As far the Betz limit, it is either right or wrong.  If it is right then there is no point trying to oversize the blades to get more power.  If it is wrong, then time will reveal that fact.

You seem to think that you can somehow come up with a mathematical solution that encompasses all the physical processes that affect a windmill's performance, plug it into a computer and, "voila", the ultimate windmill.  It doesn't work that way.  How are you going to deal with the effects of the hub (turbulence going up the blade, supposedly) on the air flow or turbulence at the tip?  Engineering has always involved trial and error.  One tries to find and derive mathematical relationships that help in the solution to the problem at hand.  That's what the equation does.  Given the value of the incident wind at a given radius and the characteristics of the air foil you can determine the dimensions of the airfoil at that radius to match the available power.  What more do you want?  You can fiddle with the AOA or maximize lift to drag ratio, but the mill must still react reasonably to changing wind conditions and load conditions.  The power of the equation is that it can accommodate an incident wind profile that changes along the blade length.  If you add a nose cone you will have changed that profile.  And what about the vortices off of the tip?  So, you go in steps.  I realize that doesn't suit the behavior here where people just want to build a working mill (35% efficient).  Maybe it's up to the university people to do it, but are they listening?    

[SparWeb]

"...plug it into a computer and, "voila", the ultimate windmill..."

Well, that is why I didn't bother before just building my machine.  Like the "herd".

But I do find math fun, and just attempting to perform performance analysis is helpful in learning how to strike the balance.

BTW, don't underestimate the power of analytical computer software, either.

I have actually analyzed helicopter rotor power and the analysis does quite closely predict the engine power required for flight.  The analysis was done from first principles, with only a little help from empirical data.  Not good enough to bet a million dollars, but it suited the limited purpose at the time.

A backyard windmill is also a limited purpose.  So any computer model that is close by 25% is worth something...  Do it for fun, not for profit, that's all.

There are some folks who have gone to the trouble of making these kinds of analyses available in "calculators" on web pages.  These are handy, and some are pretty good.  But if I want to "see inside", I am happy to do the work myself.

[finnsawyer]

It is my understanding that an airplane propeller can be 83% efficient, which would imply that it is a simpler and different problem than the windmill blade that takes power from the wind.  Presumably that also would be true of the helicopter blade.

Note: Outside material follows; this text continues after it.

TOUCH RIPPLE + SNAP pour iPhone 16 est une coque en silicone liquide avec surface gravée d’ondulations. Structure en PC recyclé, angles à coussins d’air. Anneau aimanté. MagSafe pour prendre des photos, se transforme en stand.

The Betz Limit would imply that there are factors that limit the power that an air foil can get from the wind, although the equations for lift have no such constraints.  If one ignores Betz, then one may have created a blade that is too wide, resulting in too much drag and poor performance, as well as other effects,such as wake interference and excessive turbulence at the tip.  One should really try identical mills differing only in blade widths to find the best solution.  One can then compare that to the dictates  of Betz.  The equation, by the way, would give you the total blade width.  You divide that by the number of blades to get the actual width per blade.